## [ASSIGNMENT]
Transcribe all the lines below exactly. Omit the pictures.

━━━━━ INPUT DATA ━━━━━

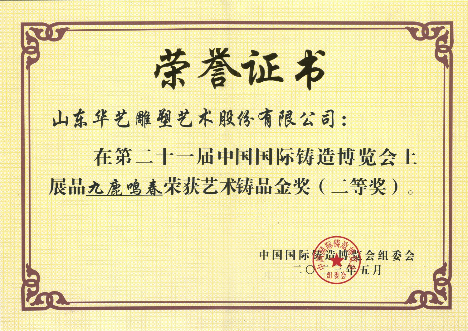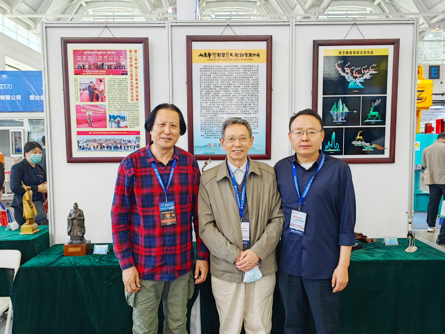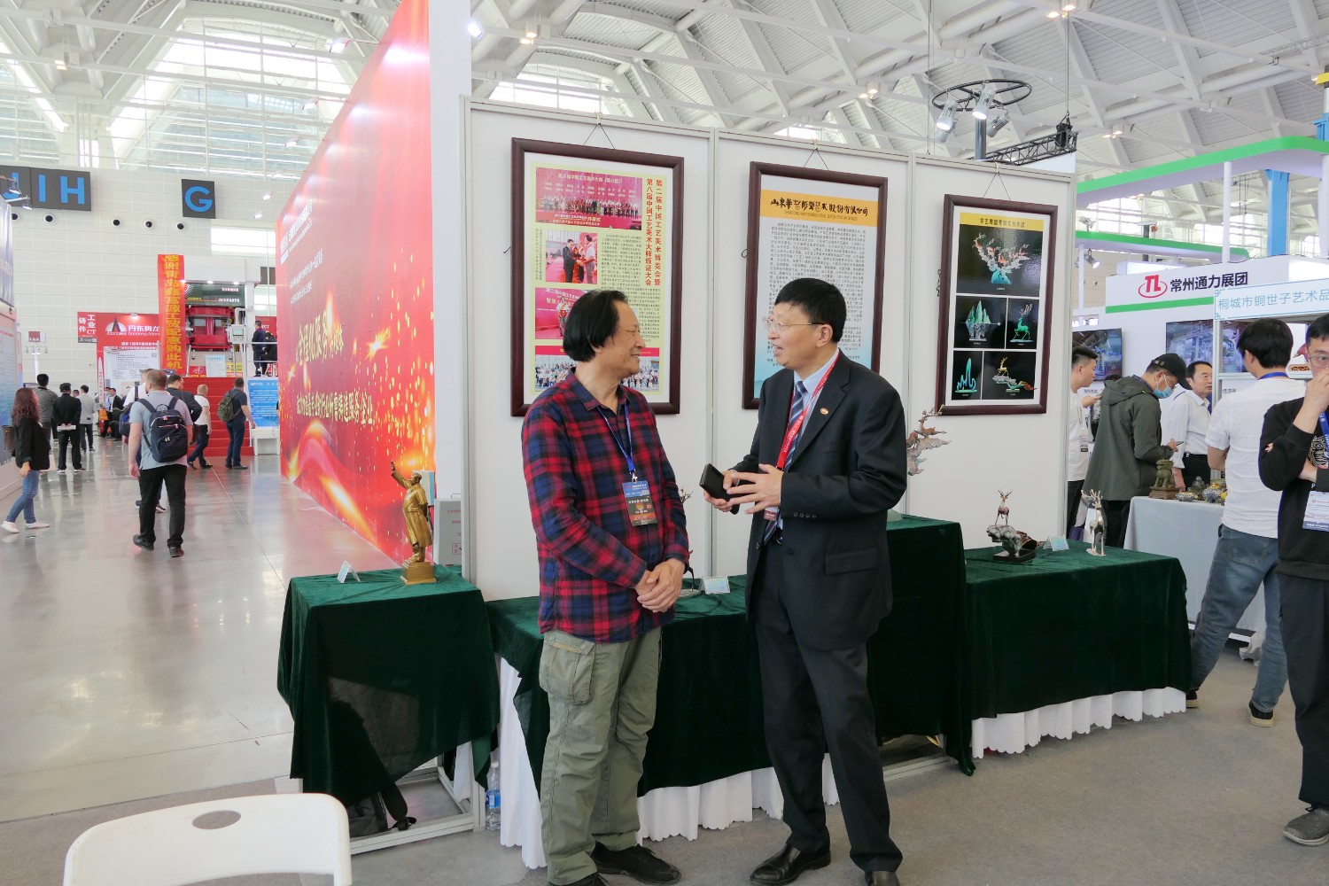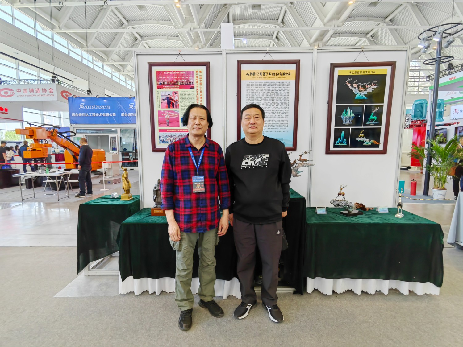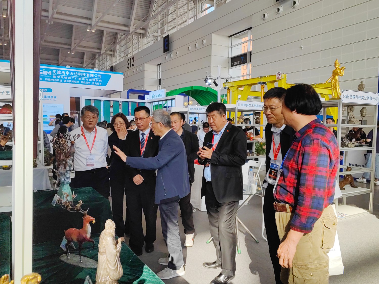 華藝雕塑遴選十二件青銅雕塑作品在博覽會(huì)“鑄造文化展區(qū)”參加展覽,精湛的雕塑藝術(shù),精美的青銅作品,贏(yíng)得了領(lǐng)導(dǎo)和嘉賓的高度贊揚(yáng)。中國(guó)工藝美術(shù)大師傅紹相作品《九鹿鳴春》榮獲第二十一屆中國(guó)國(guó)際鑄造博覽會(huì)“藝術(shù)鑄品”金獎(jiǎng)。展會(huì)期間,傅紹相去天津美術(shù)學(xué)院拜訪(fǎng)雕塑系副主任趙展教授并進(jìn)行雕塑藝術(shù)交流,并前往益德成(天津)聞藥文化發(fā)展有限公司拜訪(fǎng)馬衛(wèi)東董事長(zhǎng)、張松貞總經(jīng)理,并進(jìn)行友好的藝術(shù)交流。
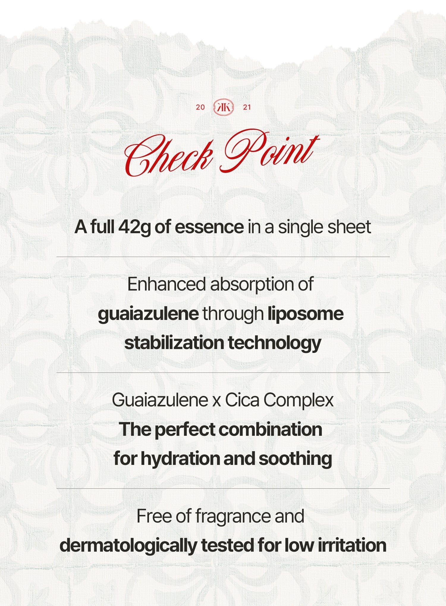 Open the pouch, take out the mask, remove the protective films on both sides, apply evenly to the face, leave on for about 20–40 minutes, then remove the mask.
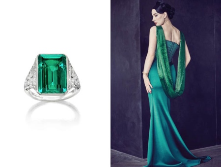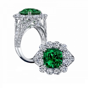 If we talk about interesting design solutions, it should be understood that their price will be significantly higher than usual, because these things are often exclusive. Often, such products use emeralds of an unusual shape, for example, in the form of a drop or a cube. Especially in this stands the emerald ring Alexandra Anastasia Lisowska Sultan from the series of the same name, in the center of which is a large teardrop-shaped emerald surrounded by a large number of diamonds.

━━━━━

## [SOLUTION FOR THIS PROBLEM]
 華藝雕塑遴選十二件青銅雕塑作品在博覽會(huì)“鑄造文化展區(qū)”參加展覽,精湛的雕塑藝術(shù),精美的青銅作品,贏(yíng)得了領(lǐng)導(dǎo)和嘉賓的高度贊揚(yáng)。中國(guó)工藝美術(shù)大師傅紹相作品《九鹿鳴春》榮獲第二十一屆中國(guó)國(guó)際鑄造博覽會(huì)“藝術(shù)鑄品”金獎(jiǎng)。展會(huì)期間,傅紹相去天津美術(shù)學(xué)院拜訪(fǎng)雕塑系副主任趙展教授并進(jìn)行雕塑藝術(shù)交流,并前往益德成(天津)聞藥文化發(fā)展有限公司拜訪(fǎng)馬衛(wèi)東董事長(zhǎng)、張松貞總經(jīng)理,并進(jìn)行友好的藝術(shù)交流。
 Open the pouch, take out the mask, remove the protective films on both sides, apply evenly to the face, leave on for about 20–40 minutes, then remove the mask.
 If we talk about interesting design solutions, it should be understood that their price will be significantly higher than usual, because these things are often exclusive. Often, such products use emeralds of an unusual shape, for example, in the form of a drop or a cube. Especially in this stands the emerald ring Alexandra Anastasia Lisowska Sultan from the series of the same name, in the center of which is a large teardrop-shaped emerald surrounded by a large number of diamonds.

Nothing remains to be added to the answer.